According to Comesa Secretary-General Sindiso Ngwenya, the digital economic integration will do away with long queues at border posts for goods and people moving across borders.

“We have developed a mobile application for cross-border traders which shall be launched in the countries that are involved in the simplified trade regime. We shall integrate them to Customs and other agencies and also to the Comesa centre,” he said.

The participating countries are Kenya, Uganda, Rwanda, Burundi, Democratic Republic of Congo, Sudan, Ethiopia, Egypt, Seychelles, Malawi, Mauritius, Madagascar, Swaziland, Zambia and Zimbabwe, which are all part of Comesa’s Simplified Trade Regime that allows traders with goods valued at $1,000 or less to access cross-border markets duty free.

Breakthrough

Exporters from Uganda say this is a breakthrough in regional and international trade, even though it comes with new risks and challenges, especially member states that have not yet provided for e-CO laws.

“The risks are there but they can be mitigated. There must be software to prove that the electronic certificate of origin is authentic so that tax authorities can read it,” says Chris Kaijuka, the managing director of grain exporting company AfroKai Ltd.

Mr Kaijuka welcomes the innovation but adds that he is keen to test the effectiveness of the electronic certificate of origin in solving some of the import-export hitches that traders face in the market.

“But I welcome it. We wanted the e-certificate of origin which helps me on taxation,” he says. “Someone brings in goods from outside Comesa but declares them as of Comesa origin, which they are not,” Mr Kaijuka adds.

Diminished role for banks?

The financial services sector for counterparties makes easy money in international trade deals – globally totaling to $100 trillion – because the importing party in most cases does not know or trust the exporting company.

Within the Comesa region alone, some $450 million is paid to commercial banks annually to confirm letters of credit.

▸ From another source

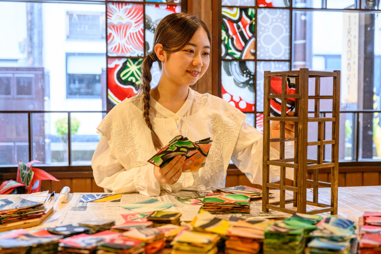 色とりどりのねぷた絵から、自分好みの絵を選んでオリジナル灯ろうの制作体験ができます。
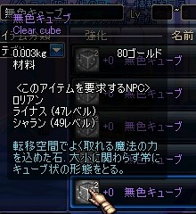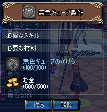 これは、無色キューブのかけら100個と500ゴールドで

But the bloc’s chief executive argues that soon this will be a thing of the past because the Comesa digital FTA has “applications that can connect Customs, commercial banks, ministries of finance and central banks in real time, even when it comes to remittances.”

“Let’s say you are an exporter from Zambia and you are exporting to Egypt, it will be accounted for because all these parties will be able to access that information simultaneously and this is through the block chain application,” says Mr Ngwenya.

But a source at KCB Bank Uganda – one of the largest providers of trade finance – told The EastAfrican that it is too early for these innovations to reduce the role of commercial banks to the periphery in international trade.

“Customers still rely so much on banks to ensure payment,” he said.

Enabling laws

In 2014, the Comesa Council of Ministers decided that member states that were ready to accept and use the e-CO should do so by July 31 of that year.

The Council further directed member states whose legal systems did not provide for e-COs to enact enabling laws as soon as possible with the view to replace the manual certificates of origin with the electronic certificates in a bid to speed up the process of certification and facilitate trade in real time.

The Council also wanted the designed digital applications to ensure that they integrate small and medium enterprises – which make up over 90 per cent of the employment base in Comesa for its 492 million citizens, according to the bloc’s data.

In March this year, Malaysia launched its digital free trade zone (DFTZ) – a global first – that is expected to increase SMEs contribution to the country’s GDP, which currently stands at 37 per cent, despite 97 per cent of businesses in Malaysia being micro or small and micro enterprises.

According to its website, the Malaysian DFTZ has the potential to increase the SME goods export to $38 million, create over 60,000 jobs and support $65 billion worth of goods moving through the DFTZ by 2025.

Observers say, over this period the DFTZ will double the growth rate of Malaysia’s SMEs goods export.